Stored data:

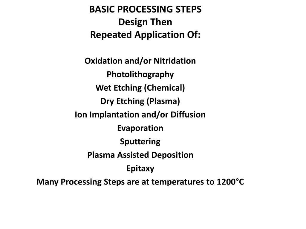 BASIC PROCESSING STEPSDesign ThenRepeated Application Of: Oxidation and/orNitridation Photolithography Wet Etching (Chemical) Dry Etching (Plasma) Ion Implantation and/or Diffusion Evaporation Sputtering Plasma Assisted Deposition Epitaxy Many Processing Steps are at temperatures to 1200°C
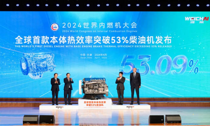 2024世界内燃机大会行业最新技术成果 潍柴动力发布全球首款本体热效率53.09%柴油机
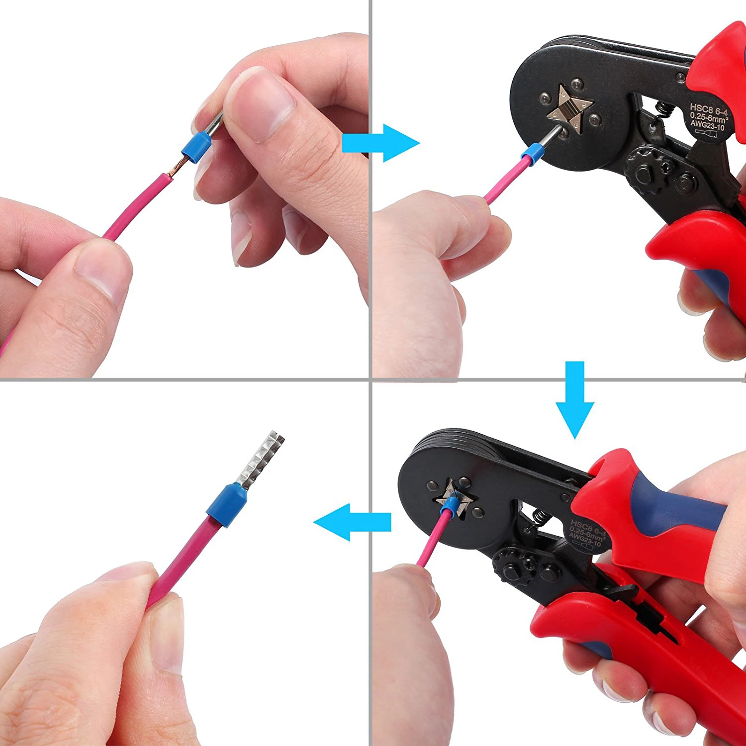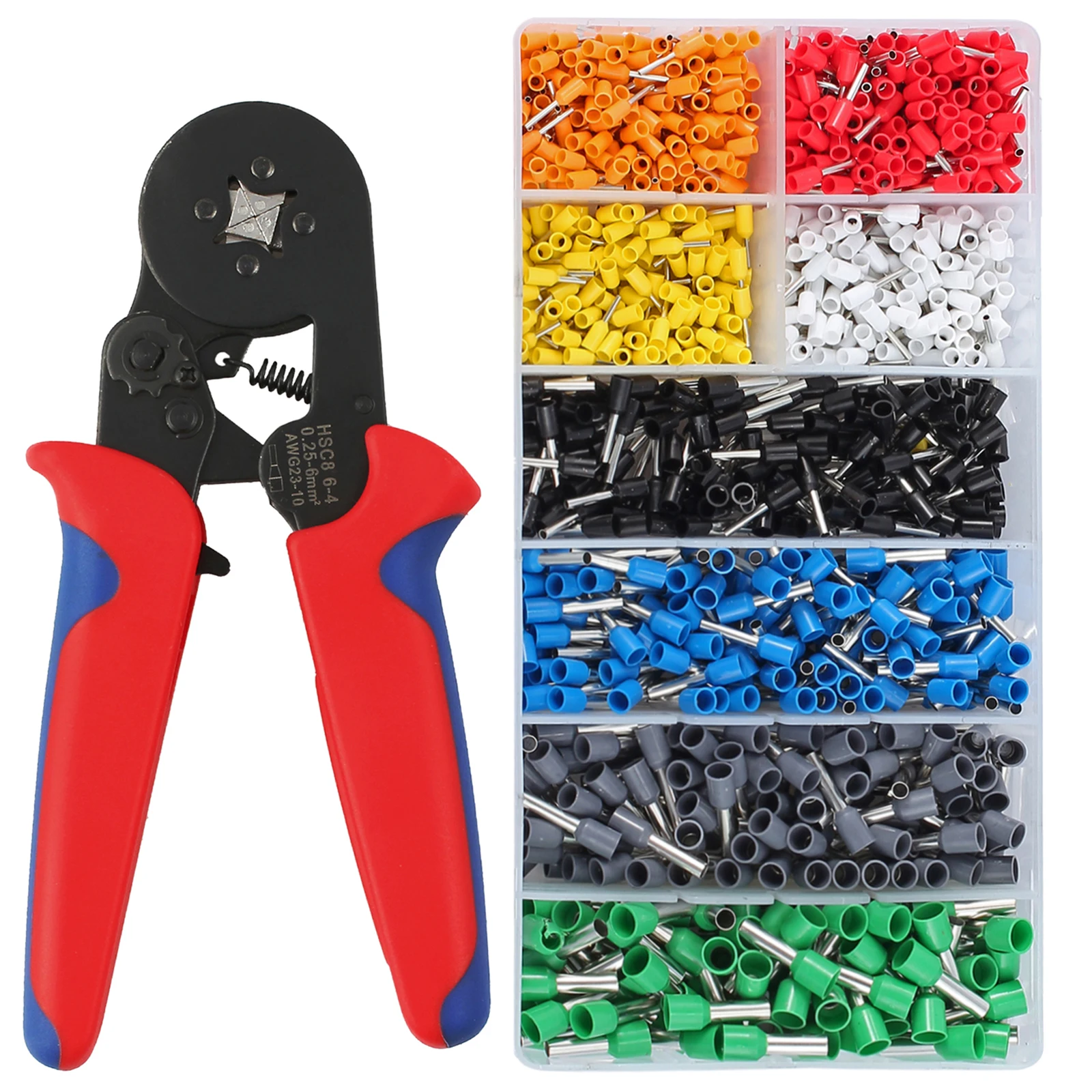 Overview: Wire Ferrule Crimp Tool is a newly designed crimping tool for wire ferrules. It is ideal for crimping insulated and non-insulated wire ferrules. The Crimp Too provides high crimping forces with low hand gripping power leading to less fatigue when used repeatedly. Features: 1. Ergonomic handle design provides improved gripping power. 2. Adjustable ratchet and lever action construction reduces fatigue degree. 3. Special four-mandrel crimping style for square crimp. 4. High quality crimping standard ensures repeatable crimping action. 5. Quick release safety lock. Specification: Handle Material: Nylon Color: Orange Body: HSC8 6-4 Range of Application: Wire-end ferrules Capacity mm²: 0.25-6.0mm² AWG: 22-10 Length: 175mm/6.89in Weight: 375g/13.23oz Ferrule Wire Terminals: Green: E6012 AWG 10, 100pcs Gray: E4009 AWG 12, 100pcs Blue: E2508 AWG 14, 100pcs Black: E1508 AWG 16, 100pcs Red: E1008 AWG 18, 200pcs White: E7508 AWG 20, 200pcs Yellow: E0508 AWG 22, 200pcs Orange: E0508 AWG 22, 200pcs Package: 1 × Ferrule Crimping Plier/Hand Crimping Tool 1200 × Terminal Wire Connectors
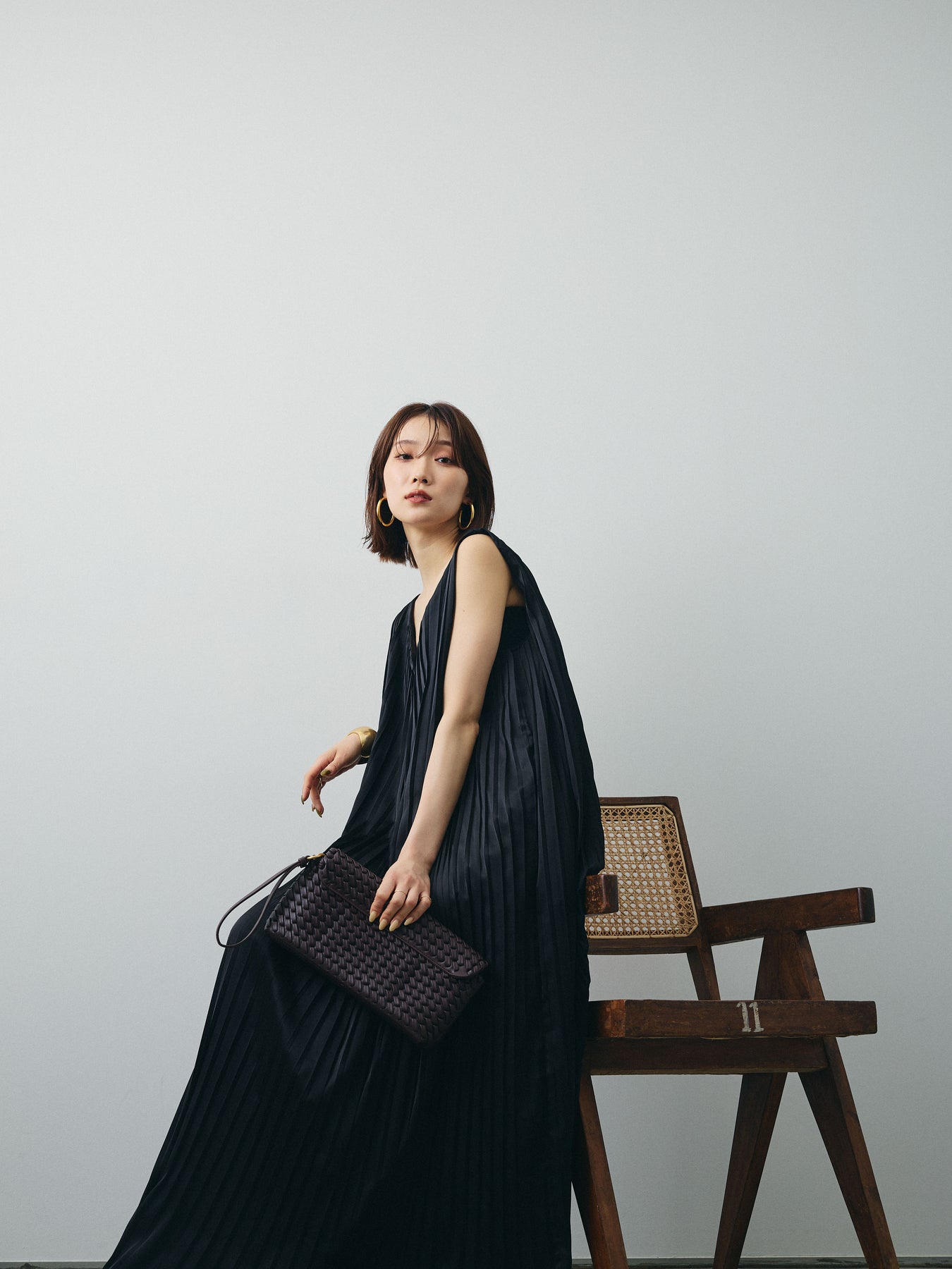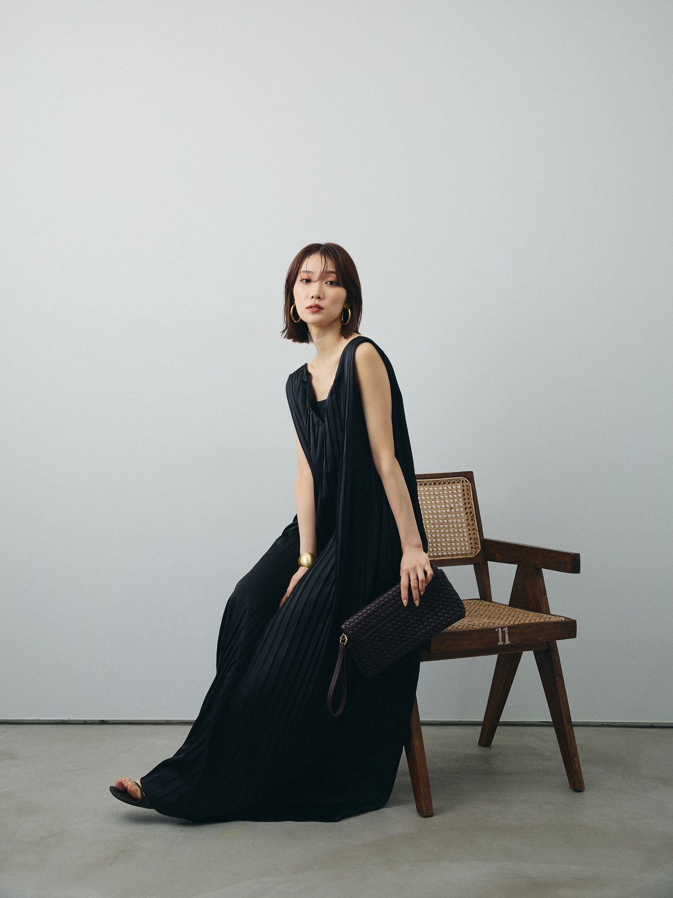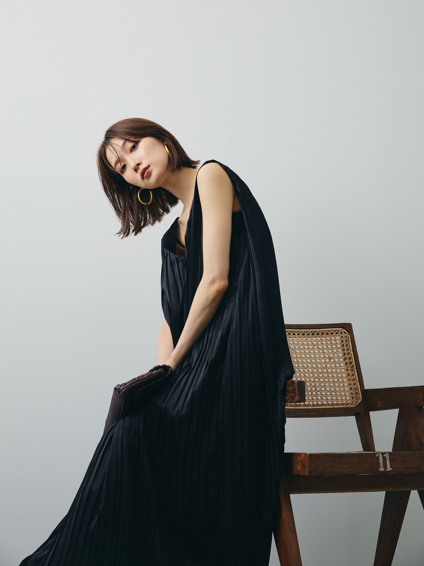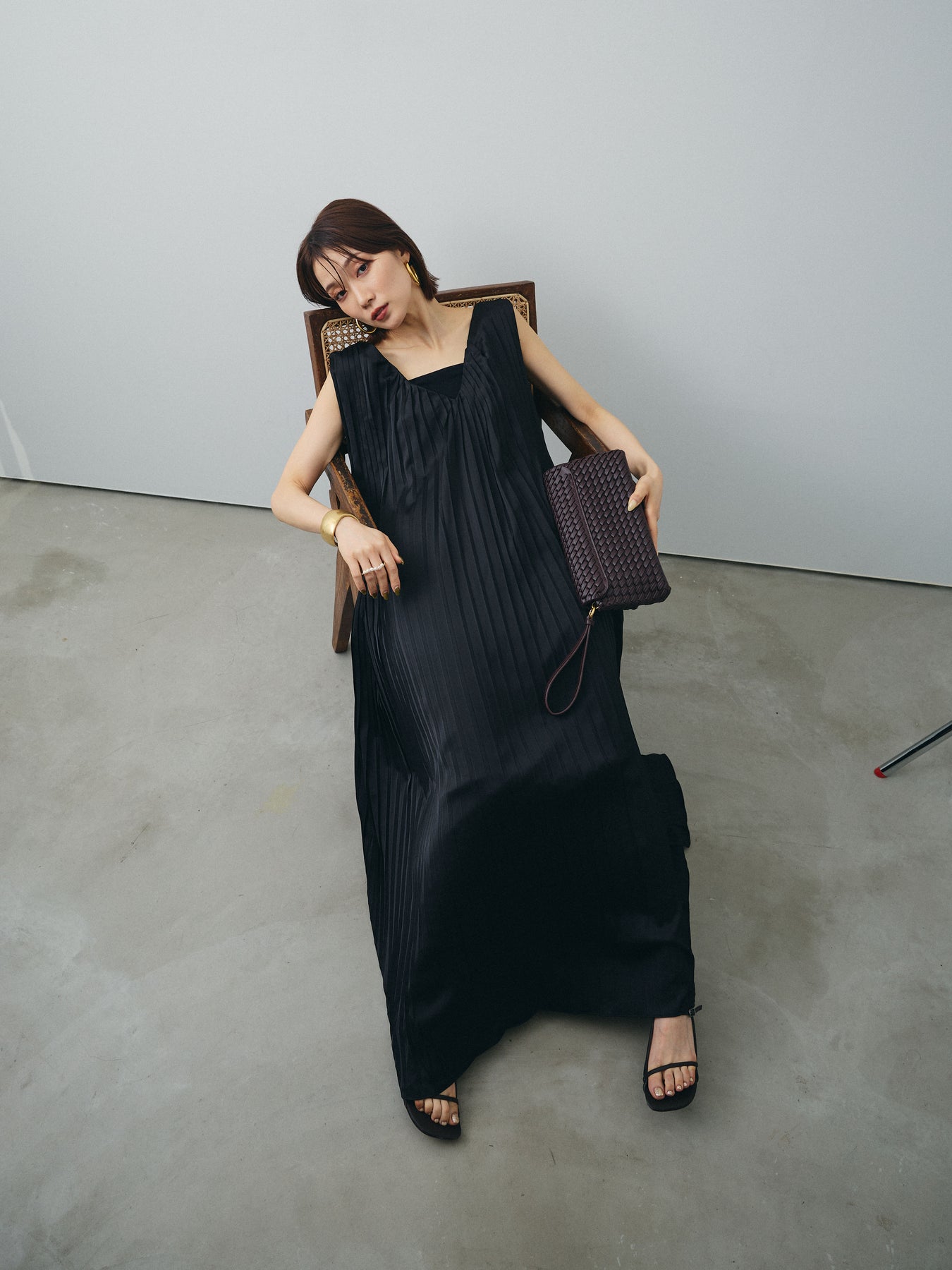 [予約]サテンプリーツVネックワンピース/ブラック
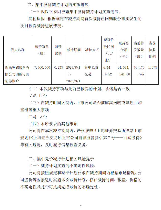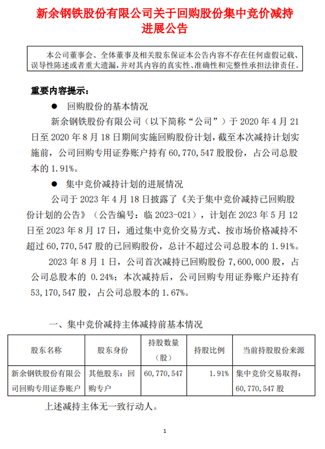 新鋼股份:新餘鋼鐵股份有限公司關於回購股份集中競價減持進展公告
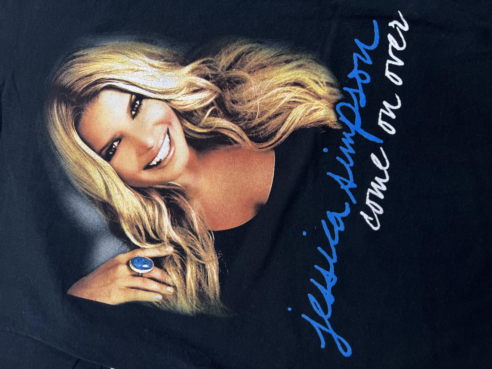 Black graphic t-shirt featuring a large, vibrant image of Jessica Simpson and the text 'come on over'.
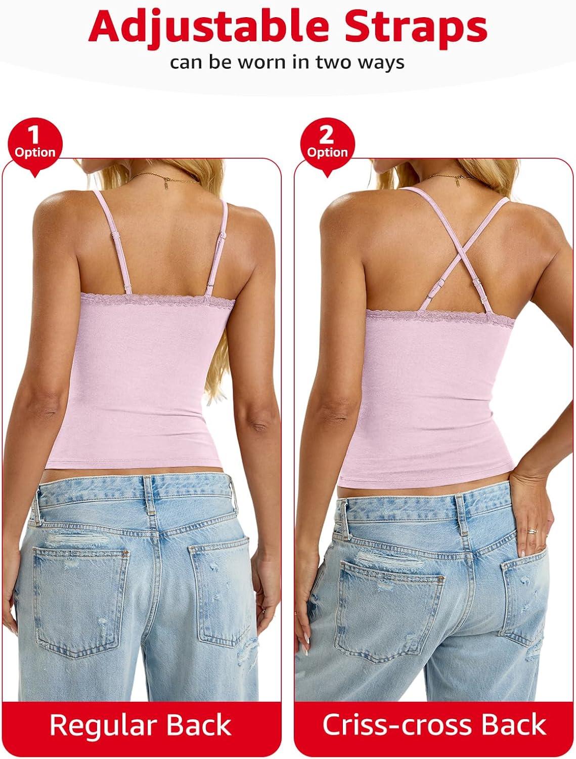 Womens Cotton Lace Camisole Scoop Neck Sexy Cami Top Adjustable Strap Going Out Tops Y2K Summer Clothes 2025(Baby Pink)
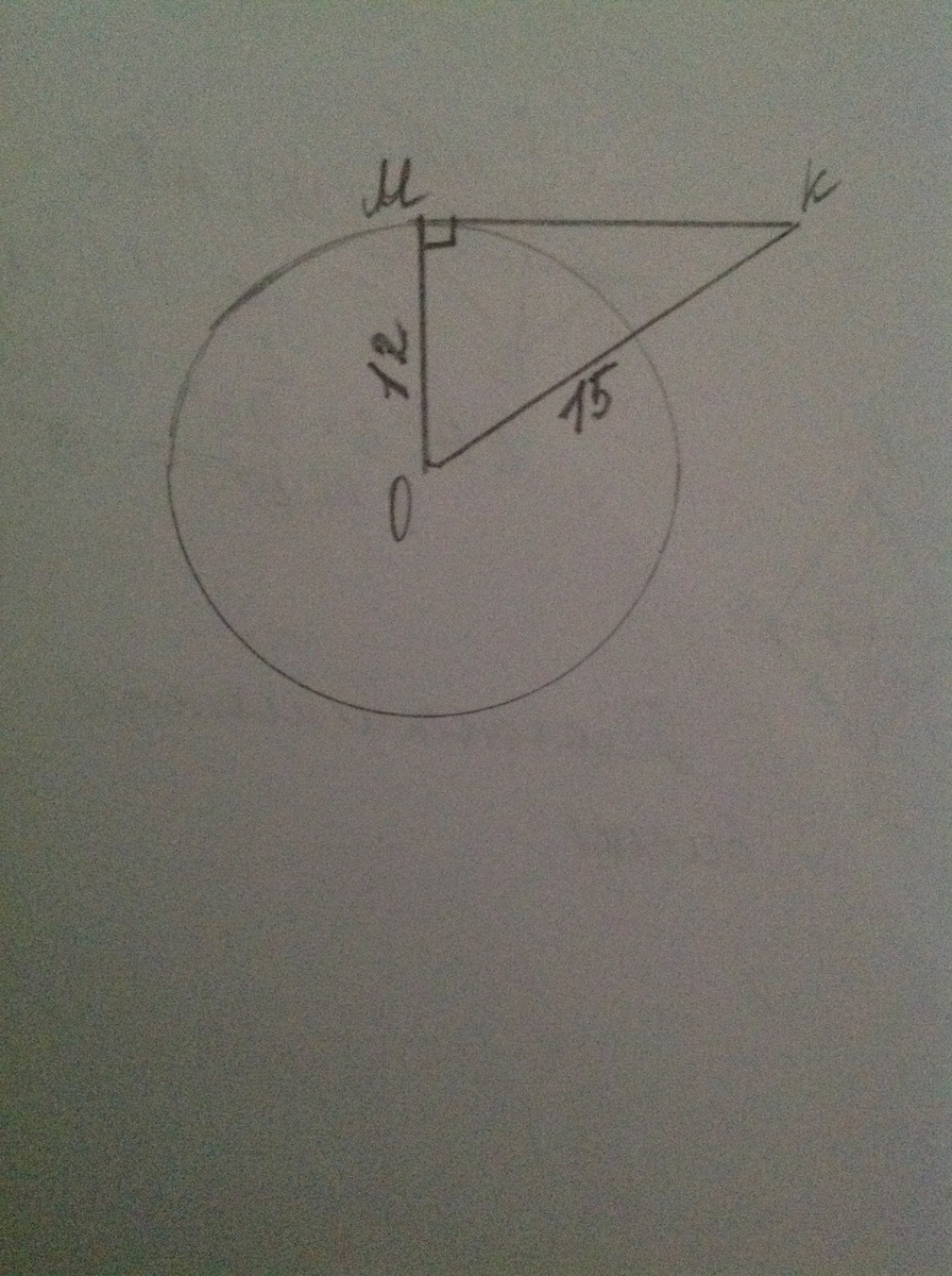 К окружности с центром О и радиусом 12см проведена касательная МК (М-точка касания). Найдите длину отрезков МК,если ОК = 15 см.

WHAT YOU NEED TO DO: All that is wanted is the lines above between the one containing "新鋼股份:新餘鋼鐵股份有限公司關於回購股份集中競價減持進展公告" and the one containing "Womens Cotton Lace", inclusive, restated word for word, with pictures omitted.

YOUR RESPONSE:
 新鋼股份:新餘鋼鐵股份有限公司關於回購股份集中競價減持進展公告
 Black graphic t-shirt featuring a large, vibrant image of Jessica Simpson and the text 'come on over'.
 Womens Cotton Lace Camisole Scoop Neck Sexy Cami Top Adjustable Strap Going Out Tops Y2K Summer Clothes 2025(Baby Pink)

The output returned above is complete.